Enabling data accessibility at 7-Eleven (with Data Studio and BigQuery)

Trung Luong
7LAB
Published in
9 min readDec 12, 2018

It’s crucial to a data-driven organization that right information need to be accessible by right people to make sure everyone from bottom up aligns on ultimate business goals. The KPI breakdown and tools to keep track those KPIs need to be conveniently accessed by whoever in charge. In our case at 7-Eleven, we need to provide comprehensive reports of store performance to staffs of hundreds or thousands stores.

At 7-Eleven Vietnam we own the advantage of having a dedicated software engineering team who builds the retail management system from ground up, it’s straightforward to sit down and develop a report module for the store portal using Ruby on Rail with some touch of ReactJs for visualization.

What happen next would be like: after a two-weeks-sprint we have the new report module ready for UAT (user acceptant test), then go production one week after that if (luckily) no requirement changes. Three weeks time is not so bad, but I’m about to explain the alternative approach which takes only three hours of mine.

Phiên bản tiếng Việt của bài viết

Leverage Google Cloud Platform

When it came to business intelligent solution, we had approached Tableau, Holistics and DOMO. All of them are great services, very powerful and convenience for business users, however by default they charge by number of users or objects (dataset/connections/visualization) which doesn’t make sense to us. As the number of stores grow we’ll have huge number of users and reports need to be produced.

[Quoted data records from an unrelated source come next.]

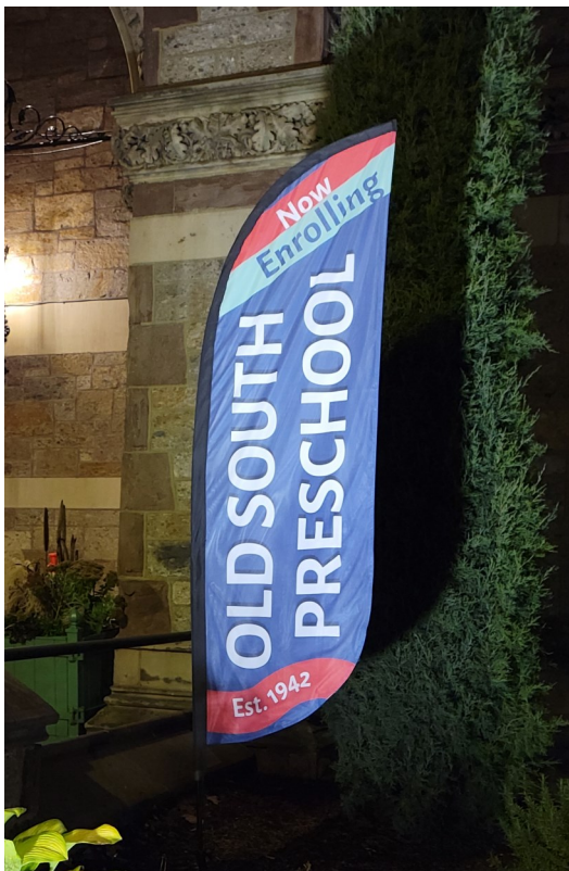
Feather banners in front of the Church publicize our Old South Preschool
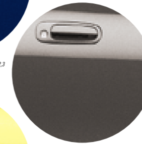
1D2 Thunder Cloud 4
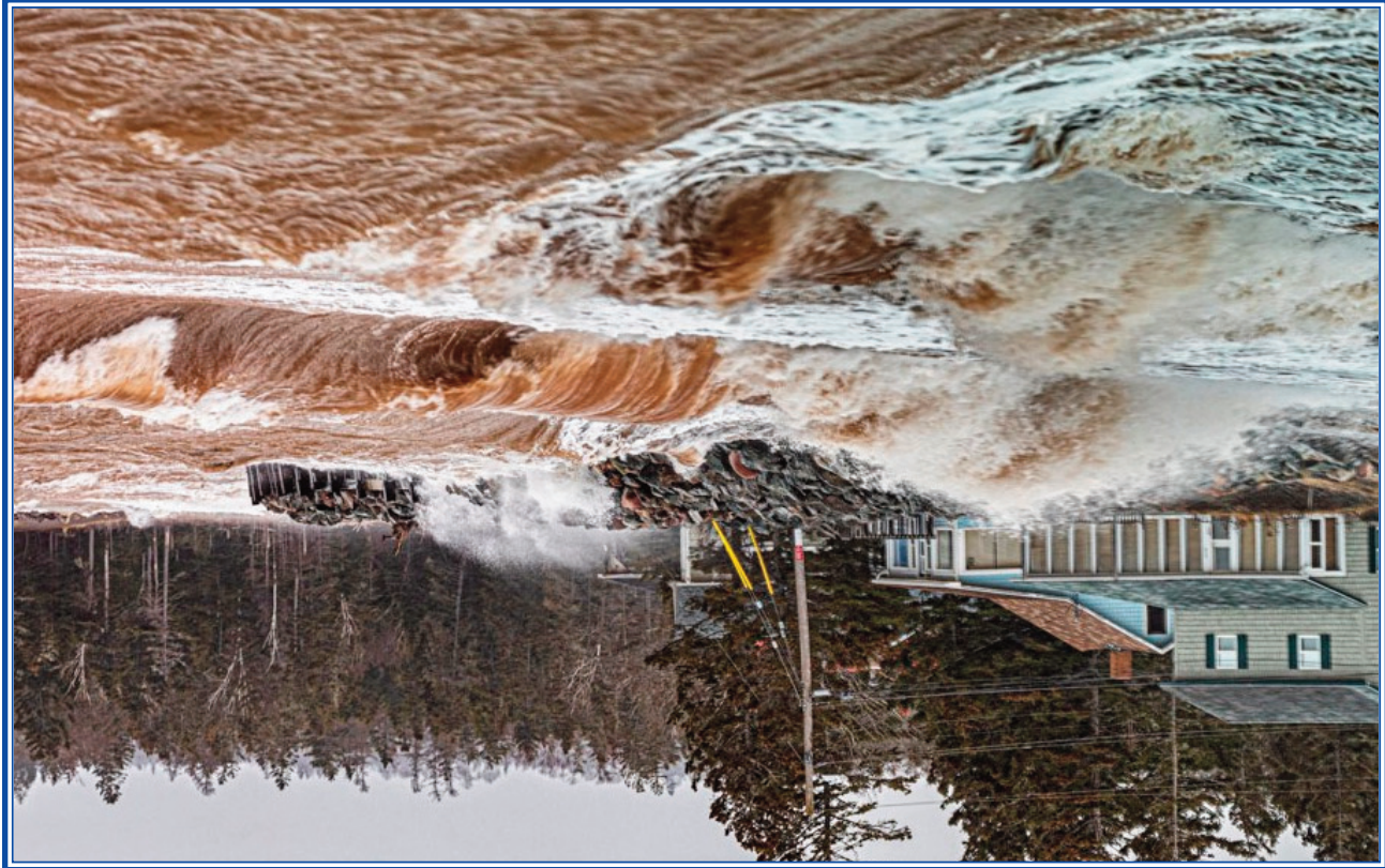
Luckily the highest tide was on April 18th two days before this photo was taken, but the onshore winds still brewed impressive waves. The cottages and beach were under attack, and Mother Nature was unrelenting.

Strategic Plan Designed to Improve Healthcare both physical and digital. To fix the problems in those areas, the plan presents six broad solutions and the objectives and actions required for each. The Province will become a magnet for health providers; provide the care Nova Scotians need and deliver; cultivate excellence on the frontlines; build in accountability at every level; be responsive and resilient and address the factors affecting health and well-being. Action for Health is available at: https://novascotia.ca/action-forhealth continued on page 4
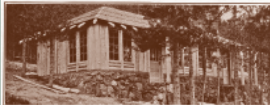
One of the Numerous Sleeping Cabins (14 boys and 2 leaders)
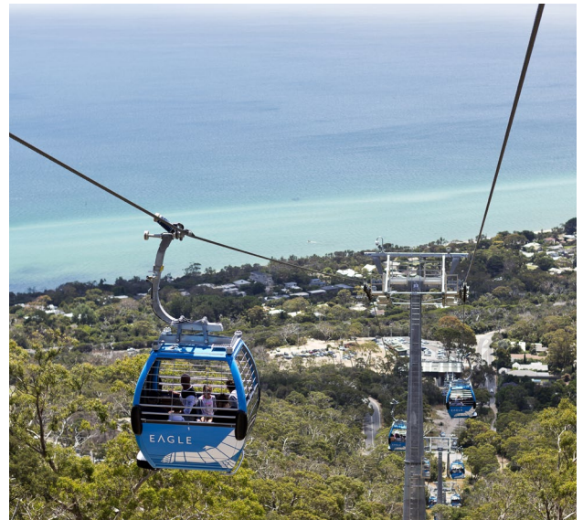
Gorge Scenic Chairlift

Meanwhile, Google BigQuery offers a sustainable pricing model which charges by data processed, as long as you have proper partitioning and caching, the cost is fairly reasonable. Not that I’m comparing above services with BigQuery, they’re fundamentally different. Just my point of view on the pricing models. In fact, we’re currently using DOMO for director level and above. All of above services will happily offer custom pricing bundle for enterprise, it’s very depend on current setup (at scale or startup, how much do you want to invest in in-house tech/data effort…) of your business to pick a right solution.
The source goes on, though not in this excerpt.